Q: How would you describe the ideal self-tape? Are there any nonnegotiables?
An ideal self-tape offers an opportunity for me to get to know an actor, even if I haven’t seen them physically in the room. Especially now, [with] so much of our self-taping occurring virtually, I don’t necessarily have the opportunity to really dive in and get to know the scope of the actor’s work. An ideal self-tape gives me a glimpse of the depth of what an actor can do, even within the confines of the material that we send them.
I want a self-tape that looks like the actor who is going to show up on set; sounds like the actor who is going to show up on set; and gives us a little sense of who this actor is, how they’re going to work, and how they’re going to fit into the greater scheme of our creative team and full cast.
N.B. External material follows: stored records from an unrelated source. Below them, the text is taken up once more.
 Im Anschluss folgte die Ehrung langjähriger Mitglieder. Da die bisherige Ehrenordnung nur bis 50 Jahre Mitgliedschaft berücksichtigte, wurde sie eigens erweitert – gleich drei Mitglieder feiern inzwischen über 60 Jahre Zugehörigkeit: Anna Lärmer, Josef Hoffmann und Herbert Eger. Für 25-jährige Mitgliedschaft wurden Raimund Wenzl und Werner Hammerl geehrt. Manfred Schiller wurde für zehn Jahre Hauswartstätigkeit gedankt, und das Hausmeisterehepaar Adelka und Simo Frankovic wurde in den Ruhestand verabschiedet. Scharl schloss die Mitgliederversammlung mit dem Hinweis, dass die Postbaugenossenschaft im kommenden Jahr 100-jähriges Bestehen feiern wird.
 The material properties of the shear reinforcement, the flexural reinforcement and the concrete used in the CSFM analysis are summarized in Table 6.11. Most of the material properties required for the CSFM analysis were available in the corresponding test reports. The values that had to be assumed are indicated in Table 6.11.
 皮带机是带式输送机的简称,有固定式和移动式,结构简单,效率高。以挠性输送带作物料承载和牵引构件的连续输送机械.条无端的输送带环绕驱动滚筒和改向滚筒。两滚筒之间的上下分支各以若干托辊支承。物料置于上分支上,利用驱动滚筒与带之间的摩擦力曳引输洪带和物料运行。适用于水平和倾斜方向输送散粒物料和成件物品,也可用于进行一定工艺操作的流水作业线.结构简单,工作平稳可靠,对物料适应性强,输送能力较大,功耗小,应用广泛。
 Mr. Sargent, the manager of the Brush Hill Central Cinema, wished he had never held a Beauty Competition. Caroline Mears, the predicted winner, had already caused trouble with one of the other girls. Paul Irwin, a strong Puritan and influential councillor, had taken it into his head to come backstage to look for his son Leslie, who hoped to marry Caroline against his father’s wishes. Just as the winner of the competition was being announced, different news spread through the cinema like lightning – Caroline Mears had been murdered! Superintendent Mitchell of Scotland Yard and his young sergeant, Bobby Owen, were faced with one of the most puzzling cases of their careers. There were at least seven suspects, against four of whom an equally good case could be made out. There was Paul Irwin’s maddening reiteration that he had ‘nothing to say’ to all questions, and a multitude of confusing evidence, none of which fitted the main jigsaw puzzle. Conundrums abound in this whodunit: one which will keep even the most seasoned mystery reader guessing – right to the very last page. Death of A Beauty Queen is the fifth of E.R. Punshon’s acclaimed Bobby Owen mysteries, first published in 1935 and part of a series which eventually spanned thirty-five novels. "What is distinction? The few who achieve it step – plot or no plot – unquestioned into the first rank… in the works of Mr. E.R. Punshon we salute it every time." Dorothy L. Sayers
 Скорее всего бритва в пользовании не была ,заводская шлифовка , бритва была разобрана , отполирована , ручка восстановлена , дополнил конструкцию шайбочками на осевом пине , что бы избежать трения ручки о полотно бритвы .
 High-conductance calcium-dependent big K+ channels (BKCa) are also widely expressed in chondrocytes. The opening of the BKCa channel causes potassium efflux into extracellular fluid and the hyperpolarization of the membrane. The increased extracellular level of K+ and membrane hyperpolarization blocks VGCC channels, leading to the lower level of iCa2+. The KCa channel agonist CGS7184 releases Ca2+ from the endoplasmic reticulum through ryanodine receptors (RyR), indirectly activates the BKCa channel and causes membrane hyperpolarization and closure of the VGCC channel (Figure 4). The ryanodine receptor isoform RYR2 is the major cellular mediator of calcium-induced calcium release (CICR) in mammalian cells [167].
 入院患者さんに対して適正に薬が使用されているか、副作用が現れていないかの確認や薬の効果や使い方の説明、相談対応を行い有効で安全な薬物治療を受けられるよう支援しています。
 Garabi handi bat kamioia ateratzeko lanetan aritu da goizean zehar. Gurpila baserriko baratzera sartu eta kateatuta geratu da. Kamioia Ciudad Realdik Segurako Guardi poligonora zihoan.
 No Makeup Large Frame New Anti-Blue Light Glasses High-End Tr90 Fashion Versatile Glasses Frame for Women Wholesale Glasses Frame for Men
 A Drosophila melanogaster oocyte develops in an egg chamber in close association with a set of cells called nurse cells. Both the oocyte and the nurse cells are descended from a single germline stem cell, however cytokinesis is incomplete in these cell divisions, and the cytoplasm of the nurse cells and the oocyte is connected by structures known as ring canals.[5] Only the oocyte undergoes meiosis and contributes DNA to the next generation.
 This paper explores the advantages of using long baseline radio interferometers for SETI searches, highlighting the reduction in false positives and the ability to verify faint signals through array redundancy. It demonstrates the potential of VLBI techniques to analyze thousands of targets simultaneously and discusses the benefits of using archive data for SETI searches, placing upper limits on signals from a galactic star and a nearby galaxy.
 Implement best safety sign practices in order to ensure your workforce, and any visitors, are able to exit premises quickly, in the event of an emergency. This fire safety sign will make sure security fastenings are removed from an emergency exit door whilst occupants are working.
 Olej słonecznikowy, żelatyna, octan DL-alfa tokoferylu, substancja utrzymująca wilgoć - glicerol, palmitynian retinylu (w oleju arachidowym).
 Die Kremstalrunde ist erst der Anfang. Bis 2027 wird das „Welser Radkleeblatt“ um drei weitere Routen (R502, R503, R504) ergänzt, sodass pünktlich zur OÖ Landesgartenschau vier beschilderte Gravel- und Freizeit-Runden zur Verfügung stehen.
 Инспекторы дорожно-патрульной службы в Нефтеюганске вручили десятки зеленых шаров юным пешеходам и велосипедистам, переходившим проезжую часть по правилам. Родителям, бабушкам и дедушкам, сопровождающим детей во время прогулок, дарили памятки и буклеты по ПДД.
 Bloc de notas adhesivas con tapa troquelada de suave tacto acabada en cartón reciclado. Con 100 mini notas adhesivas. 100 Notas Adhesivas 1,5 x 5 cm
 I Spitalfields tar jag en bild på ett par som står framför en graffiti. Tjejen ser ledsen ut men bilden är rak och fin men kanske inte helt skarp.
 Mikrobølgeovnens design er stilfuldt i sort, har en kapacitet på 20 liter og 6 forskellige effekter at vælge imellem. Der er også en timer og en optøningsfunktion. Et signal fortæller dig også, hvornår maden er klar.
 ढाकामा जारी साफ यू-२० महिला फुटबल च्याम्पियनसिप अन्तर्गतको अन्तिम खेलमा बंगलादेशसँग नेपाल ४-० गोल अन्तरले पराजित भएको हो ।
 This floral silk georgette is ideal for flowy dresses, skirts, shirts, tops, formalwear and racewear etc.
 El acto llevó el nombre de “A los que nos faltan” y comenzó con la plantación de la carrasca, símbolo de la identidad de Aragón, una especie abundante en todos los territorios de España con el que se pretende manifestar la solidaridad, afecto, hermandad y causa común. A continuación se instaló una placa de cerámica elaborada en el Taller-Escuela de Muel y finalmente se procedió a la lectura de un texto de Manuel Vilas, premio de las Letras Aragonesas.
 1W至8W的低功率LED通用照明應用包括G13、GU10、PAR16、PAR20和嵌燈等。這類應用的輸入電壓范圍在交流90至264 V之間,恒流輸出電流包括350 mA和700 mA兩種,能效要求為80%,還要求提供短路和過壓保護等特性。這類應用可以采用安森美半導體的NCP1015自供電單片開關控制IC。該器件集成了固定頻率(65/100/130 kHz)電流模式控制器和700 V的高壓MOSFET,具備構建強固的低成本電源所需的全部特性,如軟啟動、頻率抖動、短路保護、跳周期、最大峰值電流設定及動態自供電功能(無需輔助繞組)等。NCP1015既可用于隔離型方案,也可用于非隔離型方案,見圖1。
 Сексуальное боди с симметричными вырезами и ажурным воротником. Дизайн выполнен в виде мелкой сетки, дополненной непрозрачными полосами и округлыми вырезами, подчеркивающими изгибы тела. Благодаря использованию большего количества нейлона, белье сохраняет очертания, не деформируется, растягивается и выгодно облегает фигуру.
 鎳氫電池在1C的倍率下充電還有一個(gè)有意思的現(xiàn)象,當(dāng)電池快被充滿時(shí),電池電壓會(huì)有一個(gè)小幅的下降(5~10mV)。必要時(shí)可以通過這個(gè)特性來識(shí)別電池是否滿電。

Though sometimes it provides just a little bit of material, I have to learn a lot from that initial self-tape. So for me, an ideal self-tape is the beginning of the story—the beginning of the conversation with the actor in this role—and it gives me a full sense of what I’ll be getting if we hire the actor.
I don’t have a nonnegotiable element. Perhaps, in the broadest sense, I want you to use the material I sent; I want it to be appropriate for what we’re working on. That’s really it. Even when we get it, and if you have an issue and need an extra day, ask—we may be flexible. Or I might say the team is going to review everything on Friday morning and make an offer Friday afternoon, so, no, you can’t have the weekend. But at least you can ask, and we can give you that information.
We really don’t have nonnegotiables. We’re here to elevate the actor, amplify those voices, and be supportive. I know it’s cheesy and every casting director says this, but we really are there to champion them.